Group visiting the rock garden August 1938

This first photo shows a group in the park visiting our rock garden (that seems to be suspiciously void of many rocks) in August of 1938.  To the right of the group is our statue Shouting Boy that was carved by Harriet Randolph Hyatt Mayor, sister of Anna Hyatt Huntington (the museum’s founder’s wife).  For awhile the statue was out on Kettle Pond, but it had to be taken down after numerous attacks by vandals.  Currently a reproduction of the statue can be seen in our courtyard.

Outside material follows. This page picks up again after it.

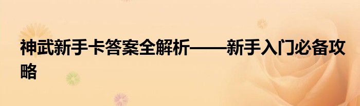 本文旨在为新手玩家提供神武新手卡的答案解析,帮助新手玩家更好地理解和掌握游戏中的各种功能和特权。
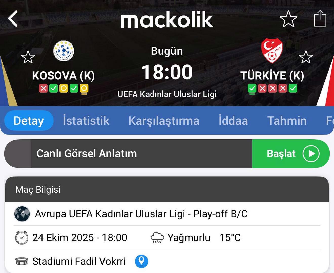 Fadil Vokrri Stadı'nda saat 18.00'de başlayacak müsabakayı Çekyalı hakem Michaela Pachtova yönetecek.

Equestrians on the trail 1938


Above you can see a group of equestrians on the trail in 1938.  While it might seem very strange now, the museum created bridle trails along various parts of the property and a local woman, Mrs. Shade, gave horse-back riding lessons.   The bridle trails are long gone and horses are no longer allowed on the trail.

Fisherman with their catch, 1970's


Fishing has always been a popular activity on Lake Maury, as shown by these two gentlemen who made a pretty nice catch in the 1970’s.  For those who wish to fish on the lake these days, you can check out our Boat Rental Webpage for information and details.

Ft. Eustis troops marching past main entrance after visiting museum - in war time training at Ft. Eustis - January 1943


This last picture shows troops from Ft. Eustis marching past the main entrance after visiting the museum in January of 1943.  Being so close to so many military bases has allowed us to have a good relationship with the military, especially the Navy and the Coast Guard.

Check us again next month for more Way Back Wednesday photos!


2 thoughts on “Way Back Wednesdays”

    1. Hi Kevin, from what I’ve been able to piece together from our records, Shouting Boy was placed in Kettle Pond in 1940, this being a replacement statue as the original was very badly damaged in 1939 by vandals. The piece was removed from Kettle Pond in 1977 after it was again badly damaged, so it was out there for 37 years.